▶ _DATASET RECORDS_
┏━━
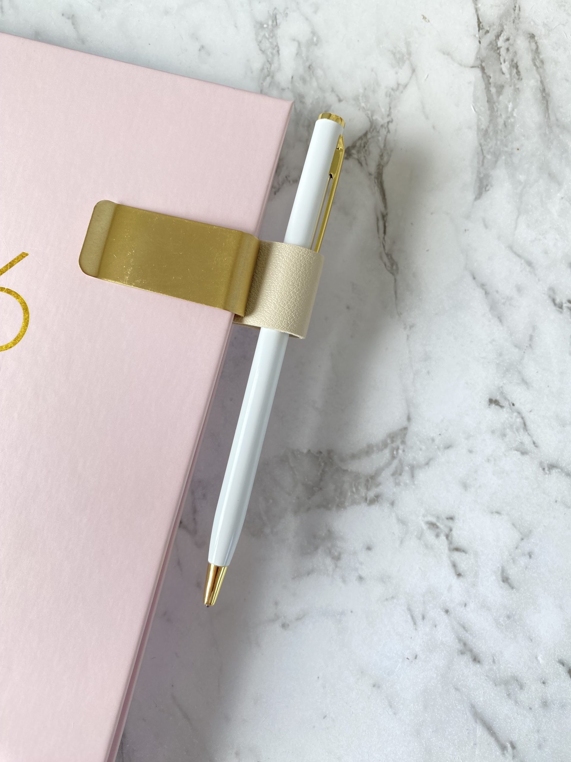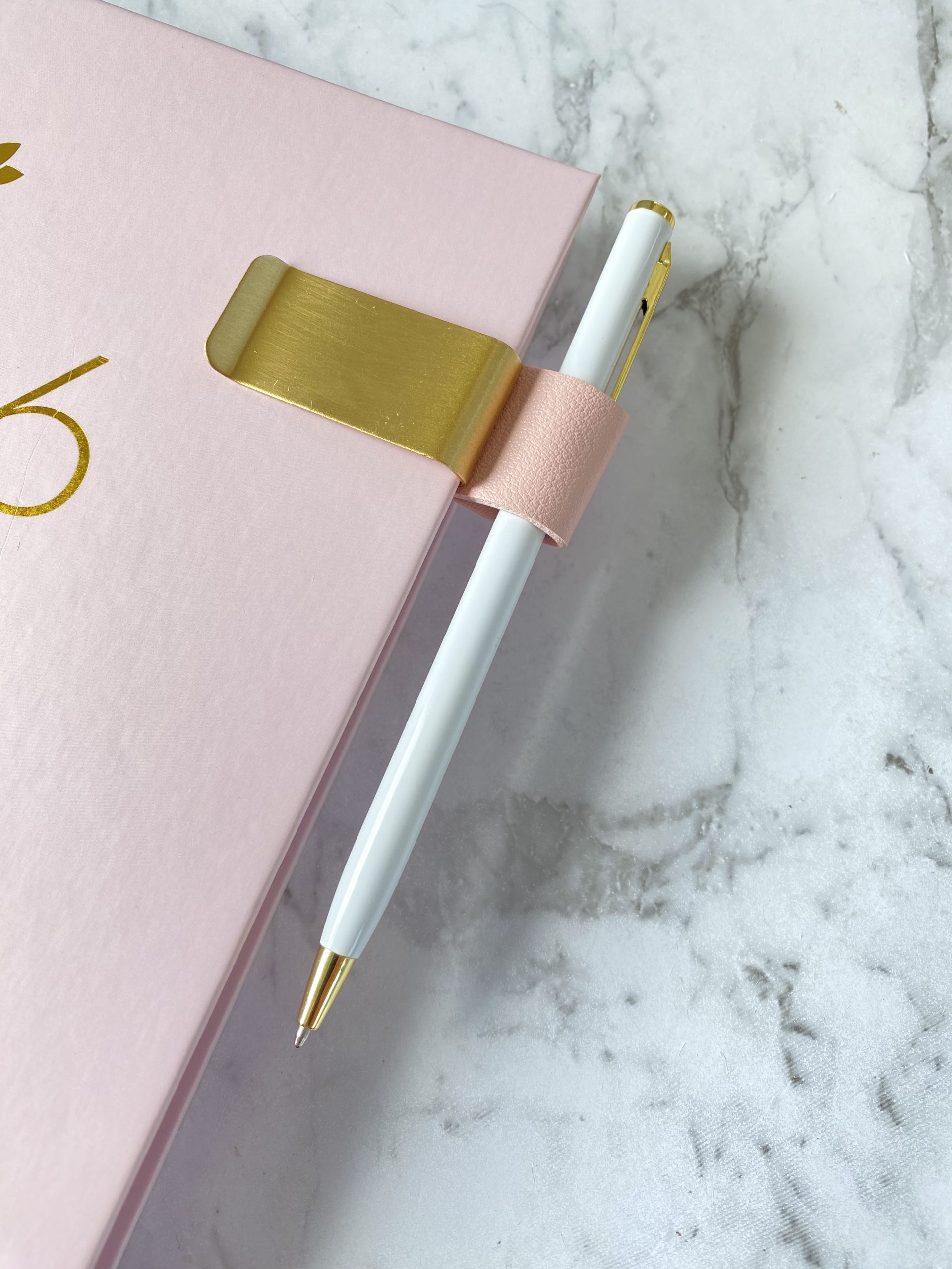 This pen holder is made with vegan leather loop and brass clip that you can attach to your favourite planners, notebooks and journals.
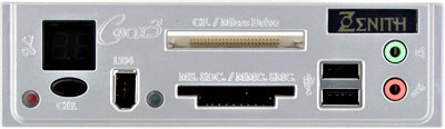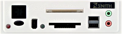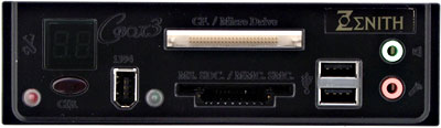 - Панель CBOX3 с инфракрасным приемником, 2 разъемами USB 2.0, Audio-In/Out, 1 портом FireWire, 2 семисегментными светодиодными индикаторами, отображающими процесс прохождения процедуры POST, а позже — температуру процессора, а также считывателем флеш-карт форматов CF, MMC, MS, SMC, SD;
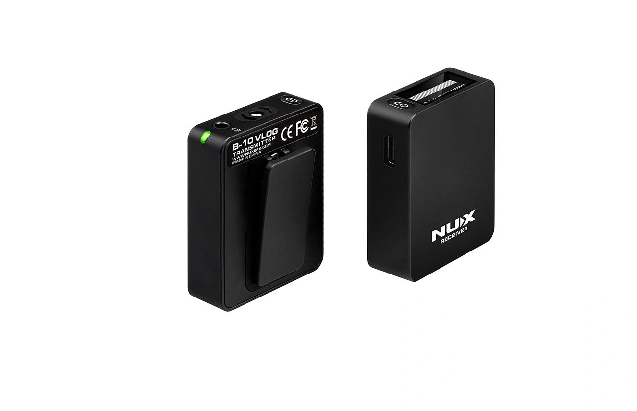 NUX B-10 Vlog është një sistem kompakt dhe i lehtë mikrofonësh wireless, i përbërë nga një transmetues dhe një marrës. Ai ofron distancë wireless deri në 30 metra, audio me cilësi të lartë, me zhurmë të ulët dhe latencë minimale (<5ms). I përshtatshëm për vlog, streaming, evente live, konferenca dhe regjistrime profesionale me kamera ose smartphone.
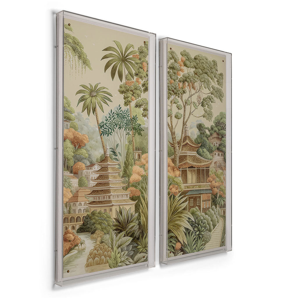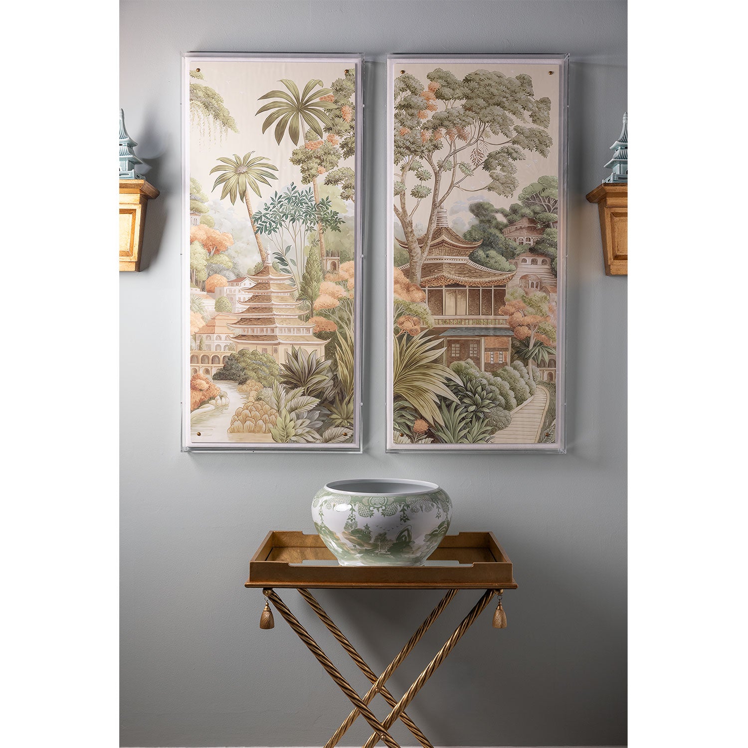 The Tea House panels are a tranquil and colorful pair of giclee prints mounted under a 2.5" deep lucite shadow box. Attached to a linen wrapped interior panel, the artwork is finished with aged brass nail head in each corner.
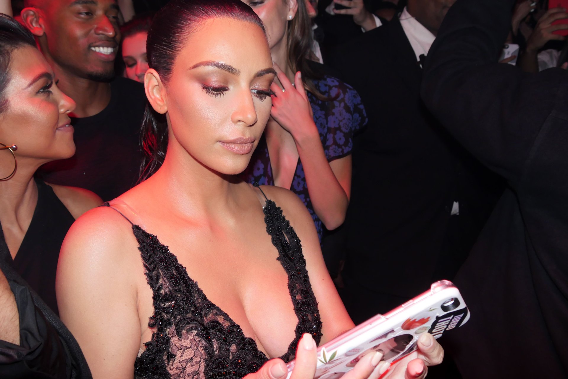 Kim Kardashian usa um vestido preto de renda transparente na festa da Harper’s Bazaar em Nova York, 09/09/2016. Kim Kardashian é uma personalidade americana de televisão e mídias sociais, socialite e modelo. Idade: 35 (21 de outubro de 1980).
┗━━
┏━━
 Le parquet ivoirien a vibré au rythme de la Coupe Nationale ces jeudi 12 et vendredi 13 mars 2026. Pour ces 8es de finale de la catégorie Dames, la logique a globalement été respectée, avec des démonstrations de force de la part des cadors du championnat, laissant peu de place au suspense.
┗━━
┏━━
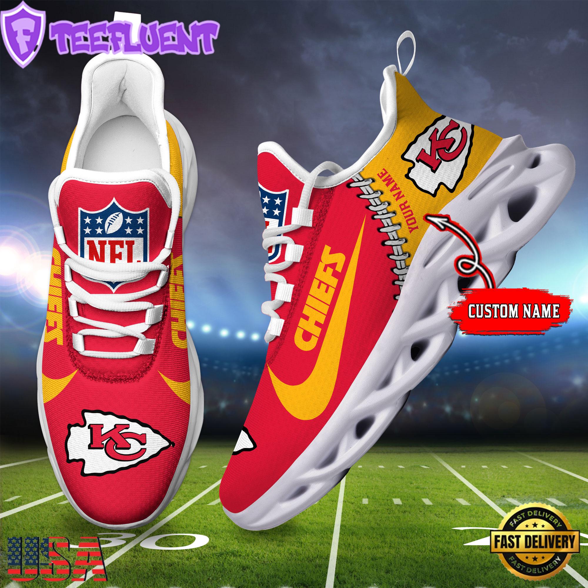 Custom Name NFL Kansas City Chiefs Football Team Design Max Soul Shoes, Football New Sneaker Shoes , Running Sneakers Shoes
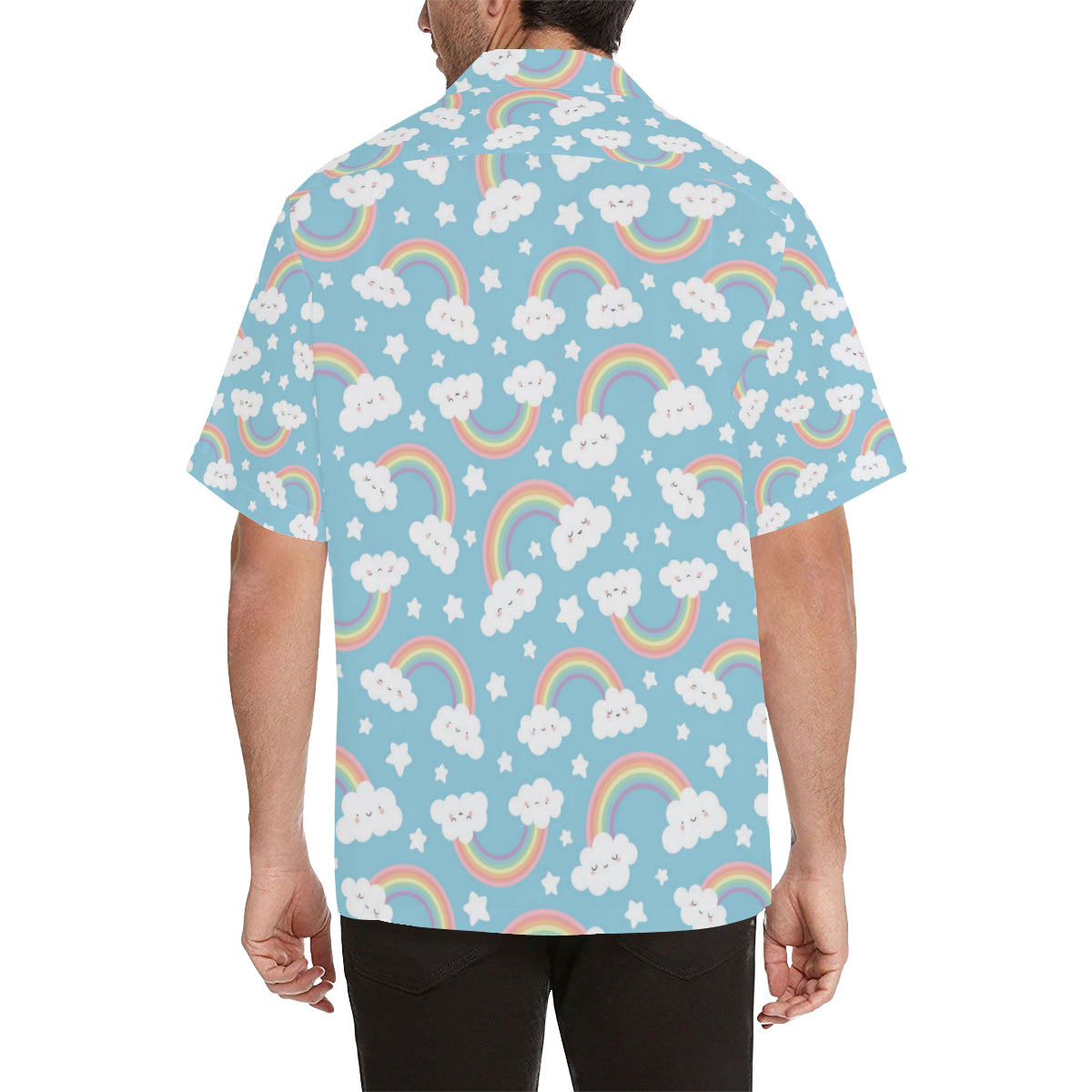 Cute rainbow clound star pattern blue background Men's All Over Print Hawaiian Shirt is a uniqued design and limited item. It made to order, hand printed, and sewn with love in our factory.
┗━━
▶ _YOUR OBJECTIVE_
Look above for the line with "- Панель CBOX3" and the line with "NUX B-10 Vlog". Copy them and every line between, exactly, but no pictures.

▶ _ANSWER TO THIS TASK_
 - Панель CBOX3 с инфракрасным приемником, 2 разъемами USB 2.0, Audio-In/Out, 1 портом FireWire, 2 семисегментными светодиодными индикаторами, отображающими процесс прохождения процедуры POST, а позже — температуру процессора, а также считывателем флеш-карт форматов CF, MMC, MS, SMC, SD;
 NUX B-10 Vlog është një sistem kompakt dhe i lehtë mikrofonësh wireless, i përbërë nga një transmetues dhe një marrës. Ai ofron distancë wireless deri në 30 metra, audio me cilësi të lartë, me zhurmë të ulët dhe latencë minimale (<5ms). I përshtatshëm për vlog, streaming, evente live, konferenca dhe regjistrime profesionale me kamera ose smartphone.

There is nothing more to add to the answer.